On Feb. 17, 1600, a group of men led a Dominican monk to the stake in the Campo dei Fiori in Rome.  He had been indicted, intermittently tried and tortured for 8 years, and was finally excommunicated that day and had his mouth gagged so that not a word would escape from his lips: "according to one account, a pin was driven into his cheek, through his tongue, and out the other side; another pin sealed his lips, forming a cross" (Greenblatt 241). Shortly thereafter, he was burnt to death, and his remains were scattered in a river so that no one would keep his memory alive. On Aug. 7, 1603, just three years after that fateful day, the Catholic Church banned all his books, which meant anyone who dared to read, quote, or support his views would be excommunicated (아탈리 268).

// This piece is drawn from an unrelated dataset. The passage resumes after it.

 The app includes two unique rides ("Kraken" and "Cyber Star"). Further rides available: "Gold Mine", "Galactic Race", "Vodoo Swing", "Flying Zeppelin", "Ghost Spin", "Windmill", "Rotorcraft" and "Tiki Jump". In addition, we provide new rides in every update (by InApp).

 And for the next 400 years, the Church took every opportunity to arraign his ideas and justify its actions: as late as the year 2000, Cardinal Angelo Sodano defended Bruno's prosecutors and claimed that the Inquisitors "had the desire to serve freedom and promote the common good and did everything possible to save his life" ("Bruno" in WIKI). Wherefore such persistence, why do they have to hold onto what has already turned out to be absolutely untenable after all these years, centuries? Bruno himself had the prescience for this stubborn resistance to and mortal fear of truth: the moment he was condemned to death for heresy, he said defiantly, "You may be more afraid to bring that sentence against me than I am to accept it" (Greenblatt 240). What was at stake was not his ideas; what really roiled and scared them was the way he believed in and upheld his ideas no matter what.

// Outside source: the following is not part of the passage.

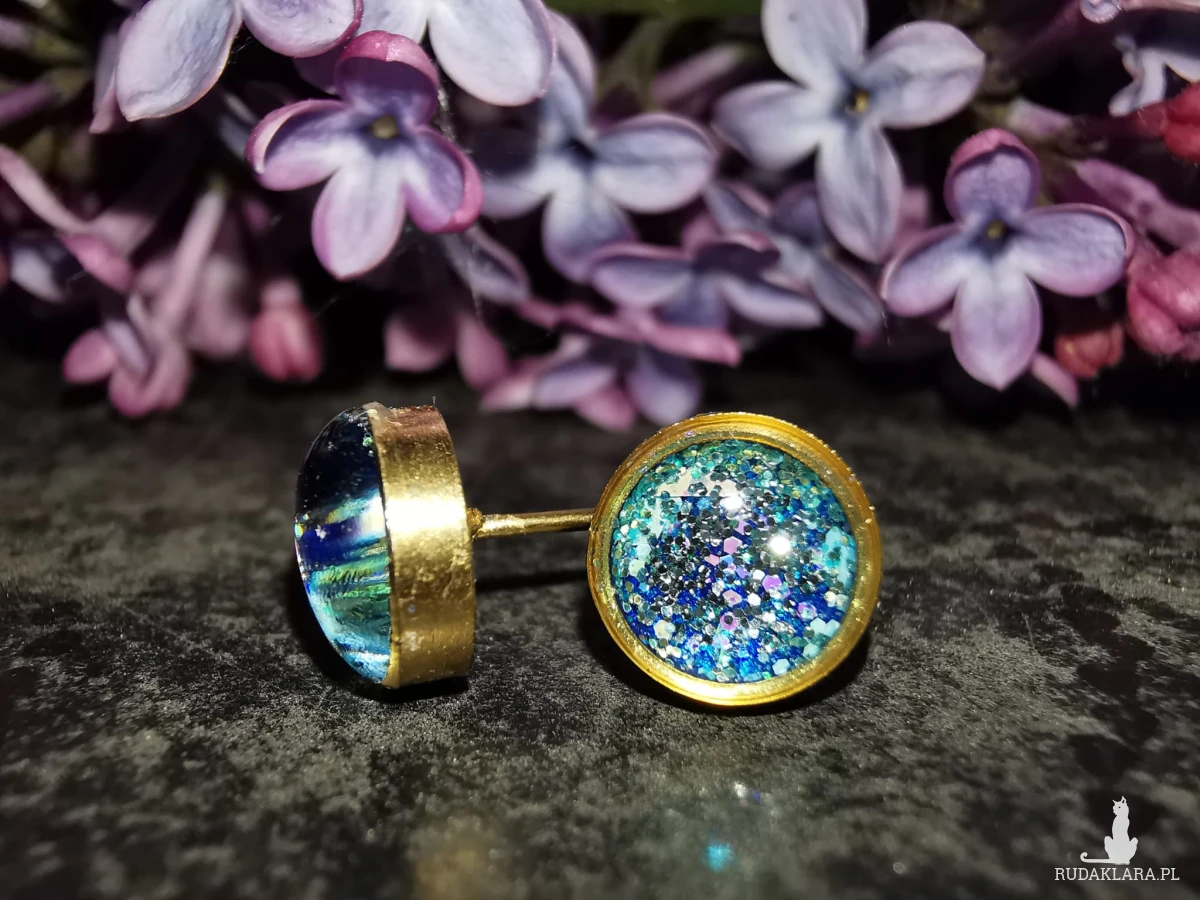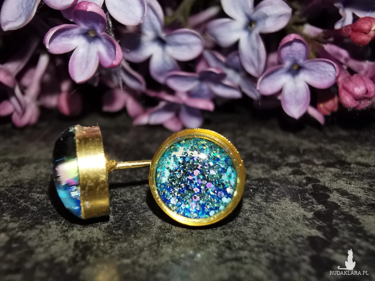 Drobne kolczyki stalowe, ręcznie wypełnione żywicą epoksydową i brokatami.
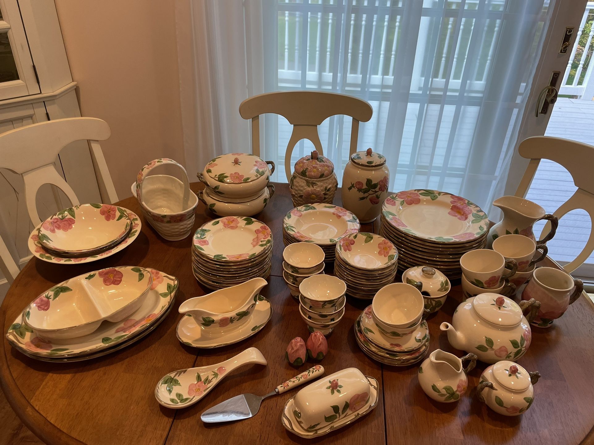 Desert Rose dishes by Franciscan ware. All hand painted in Portugal or England Complete service for 12 Includes all tableware, multiple serving pieces, and decorative pieces. Photo is only 1/3 of complete set. Please email a request for the complete inventory list. Free local delivery. $2000

 Of course, his views on the cosmos, the spiritual realm, and the divinity of Virgin Mary and her son were fundamentally radical and clearly heretical, and any one of those could easily cost him his life, but then a number of them had been said and published long before he ever did: Aristarcus of Samoa (c. 310 BC-230 BC) said the sun, not the earth, was the center of this universe, put other planets in the correct order and distance from the sun, and surmised that there might be other stars like it. Copernicus (1473-1543) maintained the same ("Heliocentrism") in On the Revolution of the Celestial Spheres, which he published shortly before his death to avoid the Inquisition. And of course the Roman poet Lucretius (c. 99 BC-c. 55 BC), the arch-atomist, famously exulted in the multiplicity of the universe, the possibility of different life forms on any of those innumerable stars and their satellites, and asserted, among other things, that 1) there is no afterlife 2) all organized religions are superstitious delusions, and that 3) understanding the nature of things generates deep wonder (Greenblatt 193-198).
 Bruno (1548-1600) took all these a huge step further and posited that there are not only multiple worlds but also infinite number of "seeds" (atoms) to form other races of men, other creatures all over the universe. There is no center in the world, and the purely random combinations and dissolutions of any organism such as men are of no interest to any being, be it God or Fate (if there are any beings like that at all). He also fulminated at the empire of ignorance and dogma that was the Church, the supreme authority in the Western world at the time, and the cruel and inhuman ways the churchmen had to keep all the benefits and privileges of that institution to their ugly and duplicitous selves (cf. "freedom and common good"!). His courage and intellectual integrity shook and in some ways irreparably annihilated the foundation and trappings of that abominable empire at one stroke, and they had no choice but to silence him, burn his body, and ban all his books.
 All the same, the torch of his legacy burns on, and today the fiery words he spoke and wrote are easily available in many languages around the globe. It is profoundly shocking that there are still people who deny and denounce his ideas, but it is their problem, not his. He did what he had to do, I.e. demolished that ancient kingdom of lies and violence, and people will always remember the valiant and resolute way he championed his (and truthful) interpretation of the world. He is a pattern of philosophy, I. e. love for knowledge, and as long as there is such thing as pursuit of truth, his life AND death will remind and firmly reassure us that reason and compassion will win out and shine through the thick and treacherous curtain of untruths and Orwellian machinations that we are witnessing all around us at this very moment.
 
Prof. Youngmi Sohn (English Dept.)
1) 자크 아탈리, 『등대: 공자에서 아리스토텔레스까지 우리에게 빛이 된 23인』, 이효숙 역, 청림출판, 2013.
2) Stephen Greenblatt, The Swerve: How the World Became Modern, W. W. Norton, 2011.